François Truffaut’s Shoot the Piano Player (1960) is one of those celebrated films that I had somehow just never seen until this weekend. Oh, I’d seen clips and knew a little about it—and I’d suspected that the phony gangster-movie opening of Ken Russell’s 1966 TV film on composer Georges Delerue, Don’t Shoot the Composer, was based on the Truffaut film (which it was), but I’d just never seen it. The experience was a sheer delight of the “Why hadn’t I seen this before?” variety. I loved everything about the film, but I can’t help but think that the blurb on the DVD case errs in calling it Truffaut’s “most playful film” without elaborating on that. It’s true, but more in terms of cinematically playful than in a literal sense. The film is a kind of a film-noir homage, but it’s rarely very serious about it and refuses to stay in a given genre. It’s a preposterous noir with a kind of art-film back story in the middle of it. It’s a comedy and a romance—and it always pretends to take itself seriously in each capacity.

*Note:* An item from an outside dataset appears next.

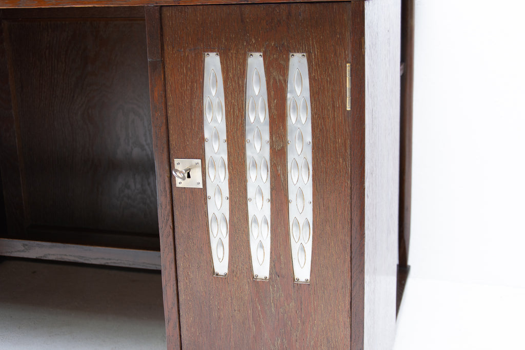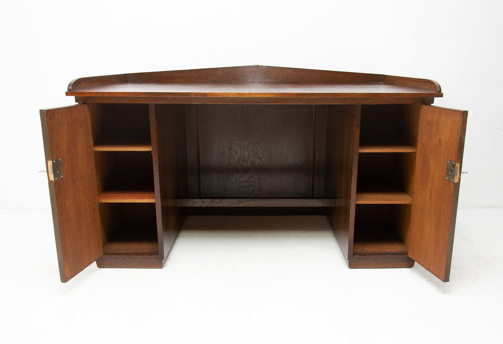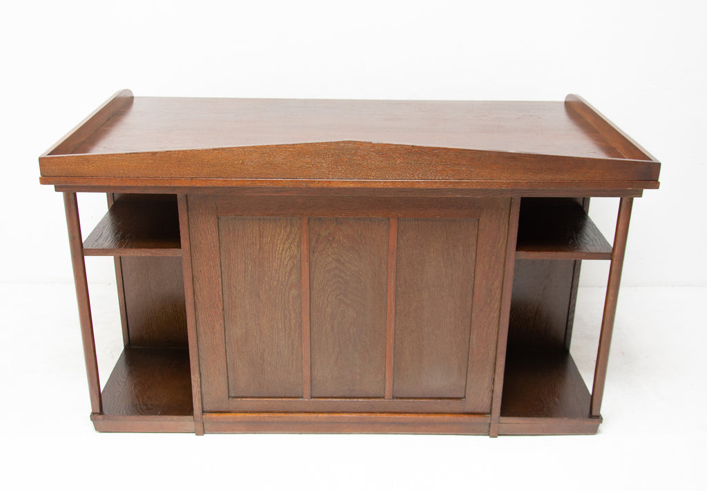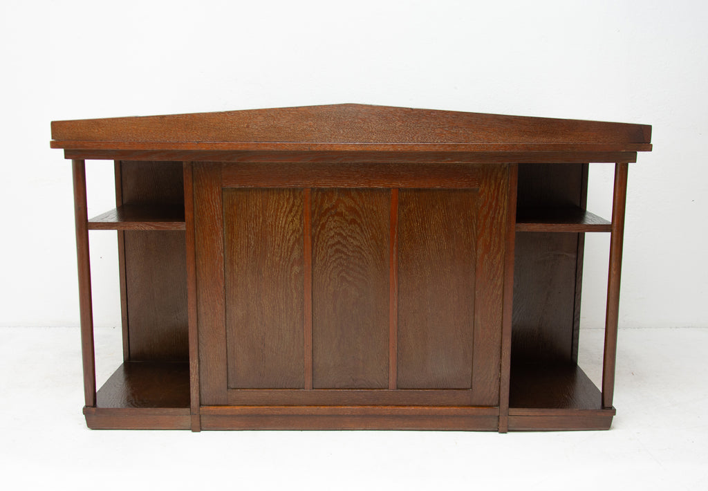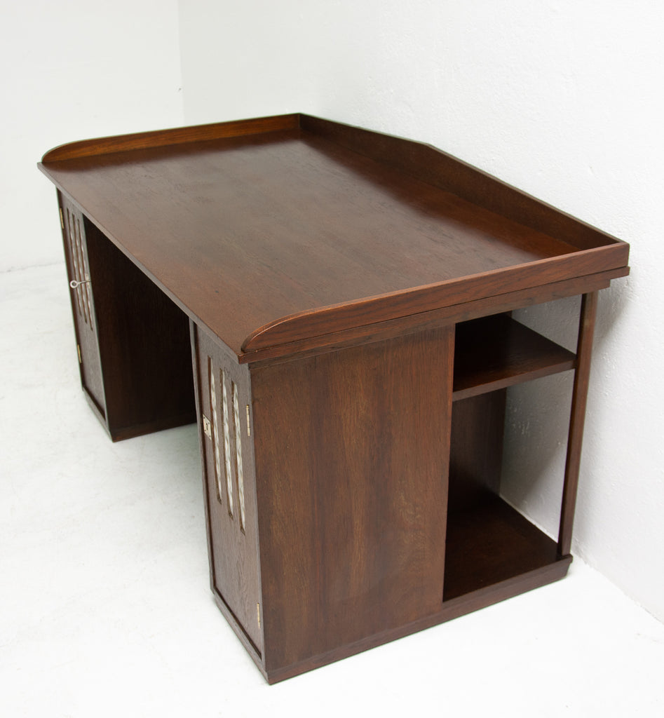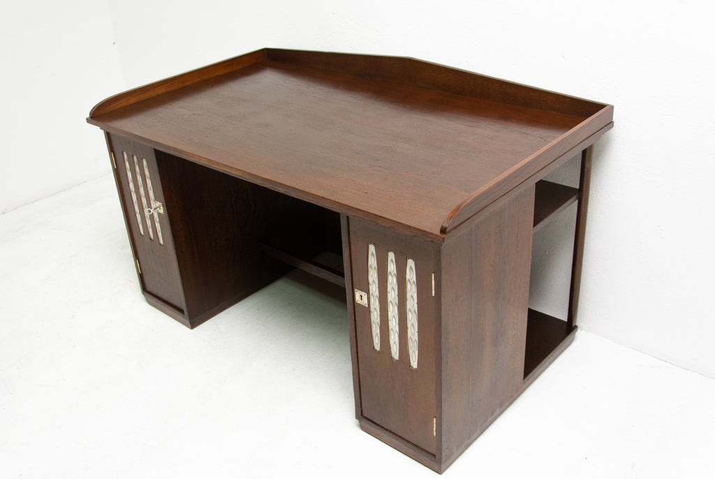 This Secession writing desk was produced in Austria-Hungary, circa 1910. It is made of oakwood. This is an example of geometric Art Nouveau in furniture design. The table is characterized by traditional elements of this style. Brass decorative elements are fitted on the door front. From behind The table reminids the Art Nouveau building of the theater. The table is in excellent condition after a complete renovation.

The story is built around Charlie Kohler (Charles Aznavour), the piano player in a bar that otherwise has nothing much going for it. He’s largely shut off from everyone and in his own little world—at least until his shiftless brother arrives bringing trouble in the form of a pair of not very menacing gangsters whom he has cheated in a robbery (though the gangsters’ ineptitude ultimately makes them dangerous). Charlie can’t help but become involved, because the gangsters insist on involving him—and by extension, the waitress, Lena (Marie Dubois), who is attracted to him.
Its ironic shifts of mood, from farce to near tragedy, conceal a deeper tone of despair. Charles Aznavour stars as a timid man, driven from society, who hurts when he tries to be kind and kills when he tries to love. Made with enthusiasm and audacity, it still seems fresh. What follows is a deliciously wild ride—and one of those rare movies that you’re sorry to see end.